Elle lisait dans ses yeux l'aveu d'un amour qu'il n'exprimerait jamais. Depuis tout petit, Eric avait été un garçon difficile. Il lui en avait toujours fait baver. Jamais il ne se laissait prendre dans les bras. Jamais un câlin. Les moments de tendresse n’existaient pas. Il n’en connaissait pas la signification. Non pas qu’il ne m’aimait pas mais il ne savait s’exprimer que violement. Les caresses devenaient des morsures puis des cris et enfin des coups. Mère célibataire, je n’avais jamais réussi à contenir toute cette fureur qui l’animait. Une autorité paternelle aurait été sans nul doute la bienvenue. Mais la vie en avait décidé autrement. Le père d’Eric nous avait abandonnés alors qu’il n’avait que 4 ans. Depuis lors, nous ne pouvions compter que l’un sur l’autre. Même si j’ai essayé tant bien que mal d’être la plus aimante et la plus présente des mamans, je pense qu’il a toujours souffert du départ de son père. Jamais il ne me l’a formulé mot pour mot mais son comportement était peu équivoque. Peu social, il rechignait sans cesse à se mêler à ses camarades de jeux. Souvent, je le voyais revenir les vêtements déchirés et les yeux au beurre noir. Les années passant, mon petit Eric était devenu de plus en plus taciturne. Aujourd’hui, il m’était devenu difficile de converser avec lui simplement. J’avais beau essayé de lui trouver des excuses, il n’en restait pas moins très dur, intransigeant envers moi.
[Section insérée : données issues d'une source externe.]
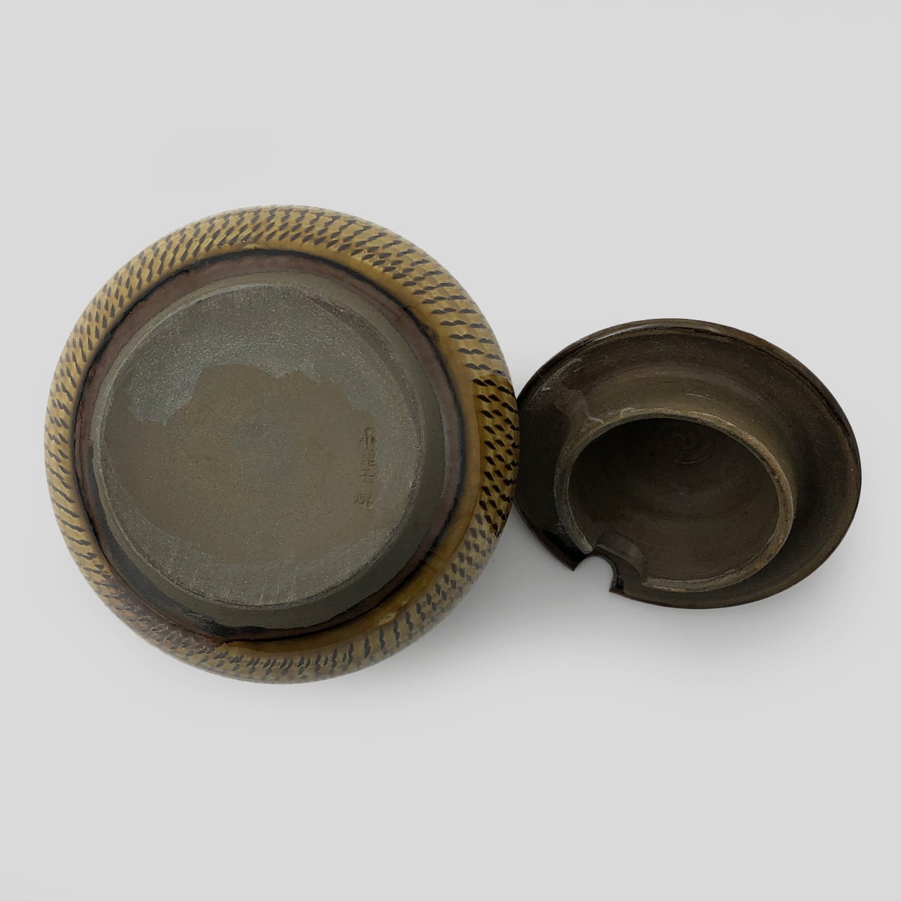 小鹿田焼 小袋窯 三合薬味壺 飛びかんな 茶 直径約12cm 陶器 和食器 民藝

Mais, c’était mon fiston, mon bébé et il en serait toujours ainsi quoiqu’il fasse.
Ce jeudi matin, je l’attendais à la maison afin de régler les derniers détails de la succession de Gervaise. Gervaise était la sœur de mon ex-mari. A 55 ans, elle venait d’être emportée par une embolie foudroyante. J’avais accompagné Eric à l’enterrement. Je le faisais pour lui et non en la mémoire de Gervaise que je n’avais plus revue depuis mon divorce d’avec son frère. Eric était très proche de sa tante et je tenais à être présente dans un moment aussi difficile que celui-ci. Pourtant, à mon grand étonnement, il n’avait montré aucun signe de chagrin. Il était resté de marbre durant toute l’oraison. La froideur de mon garçon m’avait laissée interdite. Mais j’avais fini par mettre cette distance sur le compte du choc occasionné par ce décès aussi soudain que violent.
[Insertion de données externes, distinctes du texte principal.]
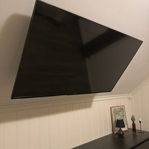 Bak på TV-en er det standard VESA-feste for veggmontering, og det følger med veggfeste på bildene. Egnet som hoved-TV eller som ekstra skjerm i hjemmet, for eksempel i stue, kjellerstue eller på hytta.

Ce matin, j’avais le sentiment de remonter le temps. L’air triste et les yeux bouffis, Patrice se tenait face à moi. Nous ne nous étions plus retrouvés ainsi depuis notre douloureuse séparation. Il était assez étrange de partager 15 ans plus tard un bol de café avec son ex-mari. L’atmosphère était plutôt tendue mais les circonstances étaient telles que nous avions l’intelligence d’enfouir nos rancoeurs mutuelles. Cela ne nous empêchait pas de rester néanmoins sur nos gardes. Nous n’étions jamais à l’abri d’un dérapage, nous le savions. Assis l’un en face de l’autre, nous attendions. Personne ne se regardait ni ne parlait. La libération vint de notre fils. La violence avec laquelle Eric pénétra dans la pièce brisa net ce silence de mort. Les yeux boursouflés et injectés de sang, il semblait comme saoul. Jamais je ne l’avais vu dans un tel état d’hébétude et de brutalité. Il ânonnait des propos incompréhensibles tout en tournoyant et gesticulant autour de nous. Il avait l’air d’un fou. Ce n’était plus mon fils. Je ne le reconnaissais plus. J’étais pétrifiée. Patrice ne bougeait pas, lui aussi paralysé par la peur. Ni l’un ni l’autre n’osions intervenir. Nous attendions, le cœur suspendu, la fin de la tempête. Elle n’arriva jamais … Eric s’approcha de Patrice et se glissa tout doucement derrière le siège de son père. D'une main assurée, sans manifester plus d'émotions qu'aux funérailles de sa tante, il lui broya le cou.